**DATA FOR PROCESSING**
═══
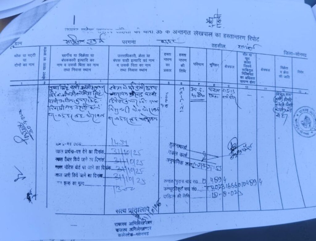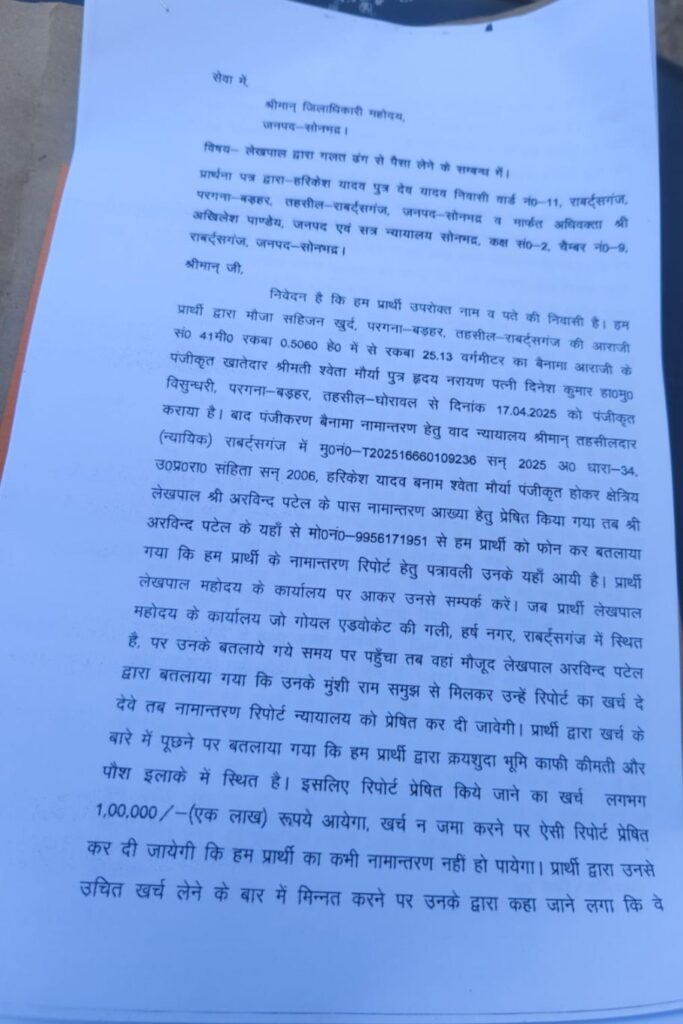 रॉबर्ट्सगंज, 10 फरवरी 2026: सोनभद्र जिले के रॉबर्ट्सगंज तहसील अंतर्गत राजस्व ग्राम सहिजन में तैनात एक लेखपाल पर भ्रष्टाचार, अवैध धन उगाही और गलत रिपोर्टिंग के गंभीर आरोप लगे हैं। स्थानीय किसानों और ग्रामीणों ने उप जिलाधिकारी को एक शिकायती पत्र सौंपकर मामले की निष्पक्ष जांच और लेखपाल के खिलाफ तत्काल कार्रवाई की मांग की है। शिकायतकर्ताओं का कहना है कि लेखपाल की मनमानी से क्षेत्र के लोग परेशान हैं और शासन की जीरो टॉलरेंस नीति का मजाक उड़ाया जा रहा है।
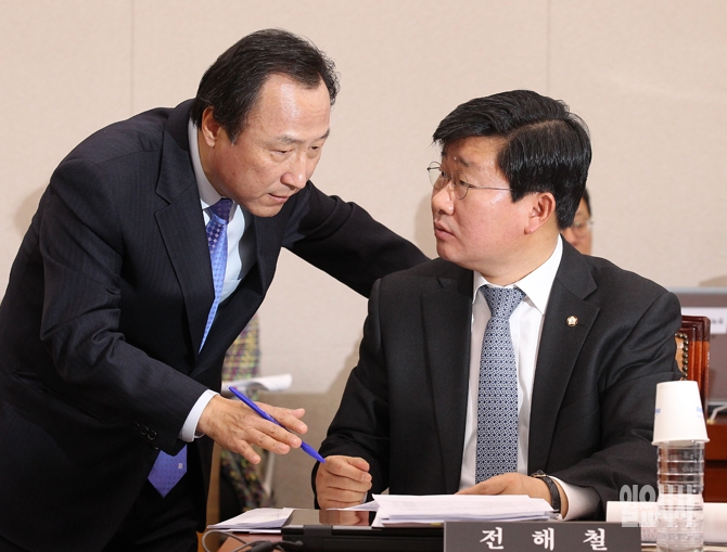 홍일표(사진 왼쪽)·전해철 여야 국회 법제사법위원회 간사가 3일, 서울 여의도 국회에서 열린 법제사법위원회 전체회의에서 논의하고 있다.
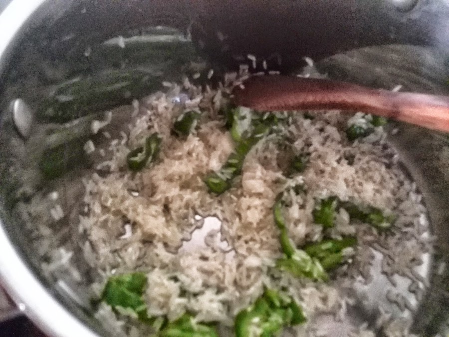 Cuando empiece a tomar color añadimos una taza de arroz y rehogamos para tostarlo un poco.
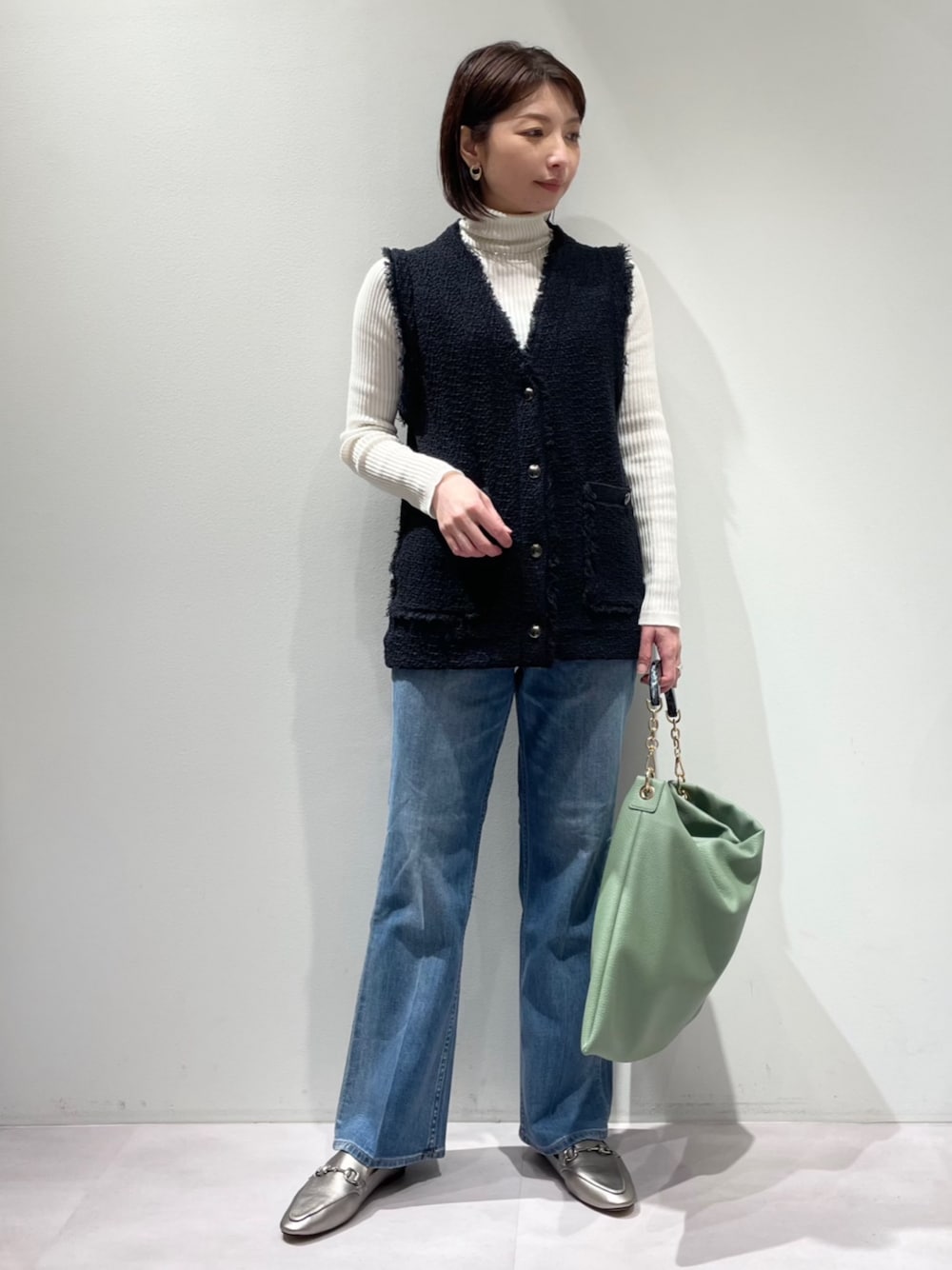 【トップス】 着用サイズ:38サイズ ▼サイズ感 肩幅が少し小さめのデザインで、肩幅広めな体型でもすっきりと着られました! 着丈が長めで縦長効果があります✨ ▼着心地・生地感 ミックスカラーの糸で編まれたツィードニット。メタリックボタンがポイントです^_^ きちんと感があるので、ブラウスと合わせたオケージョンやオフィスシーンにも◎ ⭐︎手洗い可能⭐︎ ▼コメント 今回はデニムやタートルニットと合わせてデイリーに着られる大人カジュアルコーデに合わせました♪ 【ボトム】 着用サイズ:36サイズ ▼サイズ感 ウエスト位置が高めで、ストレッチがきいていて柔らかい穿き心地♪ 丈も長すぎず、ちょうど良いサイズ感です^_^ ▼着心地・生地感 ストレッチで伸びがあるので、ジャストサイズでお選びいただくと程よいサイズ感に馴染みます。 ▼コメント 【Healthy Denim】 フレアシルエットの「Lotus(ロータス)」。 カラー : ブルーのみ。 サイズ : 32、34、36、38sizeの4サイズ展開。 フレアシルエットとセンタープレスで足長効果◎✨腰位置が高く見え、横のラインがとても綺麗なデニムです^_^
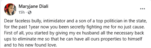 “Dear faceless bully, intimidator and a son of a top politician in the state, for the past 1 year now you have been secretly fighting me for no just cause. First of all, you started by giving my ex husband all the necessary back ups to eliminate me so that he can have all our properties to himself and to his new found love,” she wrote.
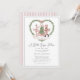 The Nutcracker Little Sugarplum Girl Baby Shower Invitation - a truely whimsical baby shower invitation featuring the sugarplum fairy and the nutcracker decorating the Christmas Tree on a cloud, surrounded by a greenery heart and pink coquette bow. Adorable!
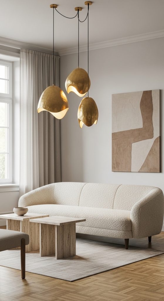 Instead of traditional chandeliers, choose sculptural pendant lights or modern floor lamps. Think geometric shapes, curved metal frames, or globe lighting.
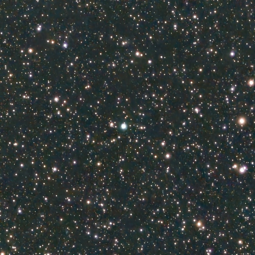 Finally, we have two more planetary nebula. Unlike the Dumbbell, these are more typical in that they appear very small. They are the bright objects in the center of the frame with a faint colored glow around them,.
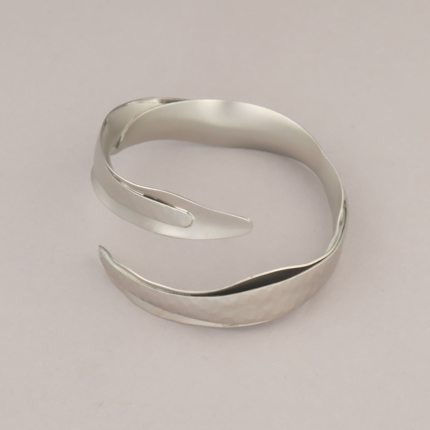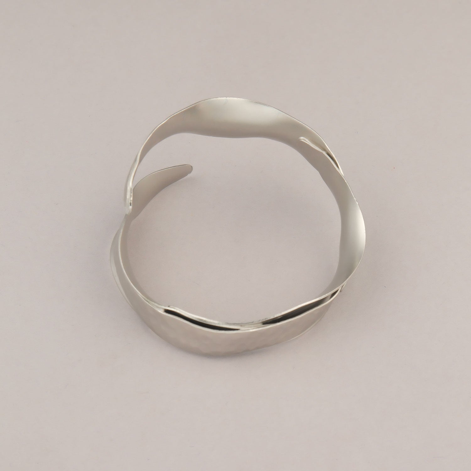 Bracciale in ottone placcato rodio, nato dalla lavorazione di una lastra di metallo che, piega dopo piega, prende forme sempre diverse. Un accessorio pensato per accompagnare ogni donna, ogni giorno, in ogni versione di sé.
═══
**WHAT IS NEEDED**
Copy word for word only the lines above from the one with "홍일표(사진 왼쪽)·전해철 여야" through the one with "Cuando empiece a". Leave pictures out.

**SOLUTION**
 홍일표(사진 왼쪽)·전해철 여야 국회 법제사법위원회 간사가 3일, 서울 여의도 국회에서 열린 법제사법위원회 전체회의에서 논의하고 있다.
 Cuando empiece a tomar color añadimos una taza de arroz y rehogamos para tostarlo un poco.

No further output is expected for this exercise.